EDIT: This thread has likely been created before and if so, sorry...

Reactions: Like 1 | Can relate 1


----------



## bjorncoetsee (10/4/18)

I tried the Berserker RTA, new Berserker RDA, Siren V2.
The siren v2 was my favourite until the berserker rda was released. The siren v2 and berserker rda has Alot of airflow options from super tight cigarette like drag to restricted DL. The flavor on the berserker rda is perfect warm and intense because of the 18mm deck. So my advice is get a small regulated squonker with the berserker rda.

Reactions: Like 2


----------



## bjorncoetsee (10/4/18)

Also remember if u vape 3mg on tanks and rdas, for MTL tanks u should up ur nic to atleast 9 or 12mg. I vape 14mg juice and go through about 5ml a day. Where i went through 30ml a day on DL tanks and rda's

Reactions: Like 4


----------



## ivc_mixer (10/4/18)

bjorncoetsee said:


> Also remember if u vape 3mg on tanks and rdas, for MTL tanks u should up ur nic to atleast 9 or 12mg. I vape 14mg juice and go through about 5ml a day. Where i went through 30ml a day on DL tanks and rda's



That's the plan. I want to remake some of my favourite juices in 12/18mg and test it as I have a few friends who have Twisp like devices and would love to try the juices I use. I also realise I would then preferably need to move over to nic salts, which I have already purchased.

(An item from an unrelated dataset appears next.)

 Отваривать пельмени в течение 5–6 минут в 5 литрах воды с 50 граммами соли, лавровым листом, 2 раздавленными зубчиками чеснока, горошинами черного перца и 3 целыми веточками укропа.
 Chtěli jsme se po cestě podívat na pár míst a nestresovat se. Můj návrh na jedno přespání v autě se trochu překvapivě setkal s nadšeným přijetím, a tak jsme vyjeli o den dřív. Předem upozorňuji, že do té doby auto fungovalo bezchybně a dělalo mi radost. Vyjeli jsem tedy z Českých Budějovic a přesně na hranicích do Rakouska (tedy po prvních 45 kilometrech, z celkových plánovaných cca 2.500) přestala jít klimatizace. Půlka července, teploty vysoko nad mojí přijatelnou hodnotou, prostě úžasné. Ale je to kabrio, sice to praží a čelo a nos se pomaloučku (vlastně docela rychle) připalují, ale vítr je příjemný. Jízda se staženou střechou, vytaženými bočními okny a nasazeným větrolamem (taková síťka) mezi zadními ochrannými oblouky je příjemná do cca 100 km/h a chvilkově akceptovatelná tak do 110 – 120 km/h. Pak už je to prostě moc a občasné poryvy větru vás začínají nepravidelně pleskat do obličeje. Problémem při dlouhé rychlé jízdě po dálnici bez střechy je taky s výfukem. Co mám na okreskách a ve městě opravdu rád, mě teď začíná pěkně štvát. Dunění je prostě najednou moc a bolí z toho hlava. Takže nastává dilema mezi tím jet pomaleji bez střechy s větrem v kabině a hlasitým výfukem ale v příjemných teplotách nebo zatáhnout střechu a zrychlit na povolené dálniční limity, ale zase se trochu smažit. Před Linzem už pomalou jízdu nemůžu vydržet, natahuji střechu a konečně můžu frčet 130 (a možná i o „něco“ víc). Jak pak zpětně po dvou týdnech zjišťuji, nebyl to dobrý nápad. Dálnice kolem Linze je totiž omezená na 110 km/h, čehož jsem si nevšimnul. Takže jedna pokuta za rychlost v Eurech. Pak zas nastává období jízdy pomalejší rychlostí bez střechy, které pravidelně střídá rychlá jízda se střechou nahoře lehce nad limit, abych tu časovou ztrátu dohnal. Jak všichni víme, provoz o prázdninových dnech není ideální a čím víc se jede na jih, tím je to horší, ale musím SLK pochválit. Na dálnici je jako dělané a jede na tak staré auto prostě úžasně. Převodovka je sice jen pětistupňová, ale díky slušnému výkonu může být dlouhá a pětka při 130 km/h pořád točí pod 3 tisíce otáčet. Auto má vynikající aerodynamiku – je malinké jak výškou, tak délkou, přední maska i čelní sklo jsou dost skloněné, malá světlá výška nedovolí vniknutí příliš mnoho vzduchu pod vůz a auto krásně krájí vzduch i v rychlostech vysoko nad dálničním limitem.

So, got the concentrates, got the nic salts, refuse to buy a Twisp, want to try MTL like a Twisp. Now the question is just which one.

Thinking of it now, will Twisp like juices work on a MTL device or will it be too thin and then leak all over the place? Please, oh please tell me it will work...

Reactions: Like 1


----------



## Amir (10/4/18)

ivc_mixer said:


> That's the plan. I want to remake some of my favourite juices in 12/18mg and test it as I have a few friends who have Twisp like devices and would love to try the juices I use. I also realise I would then preferably need to move over to nic salts, which I have already purchased.
> 
> So, got the concentrates, got the nic salts, refuse to buy a Twisp, want to try MTL like a Twisp. Now the question is just which one.
> 
> Thinking of it now, will Twisp like juices work on a MTL device or will it be too thin and then leak all over the place? Please, oh please tell me it will work...



I use twisp juices in my Siren V2 and Kayfun Mini V3. I also bump up the Nic from 18-24ish by using 36mg nic PG to add to the twisp juice which then makes it thinner than the original twisp juice. Bottom line... No leaks.

Reactions: Like 1 | Informative 1


----------



## Room Fogger (10/4/18)

I have a Siren v2, and it is great for flavour. Also the way the airflow is designed its gives you a lot of variable options ranging from tight MTL to restricted lung if you really try.

Reactions: Like 3


----------



## ddk1979 (10/4/18)

ivc_mixer said:


> And then I see comments from people saying that the Serpent or such can also be used as a MTL tank by just turning the air holes closed.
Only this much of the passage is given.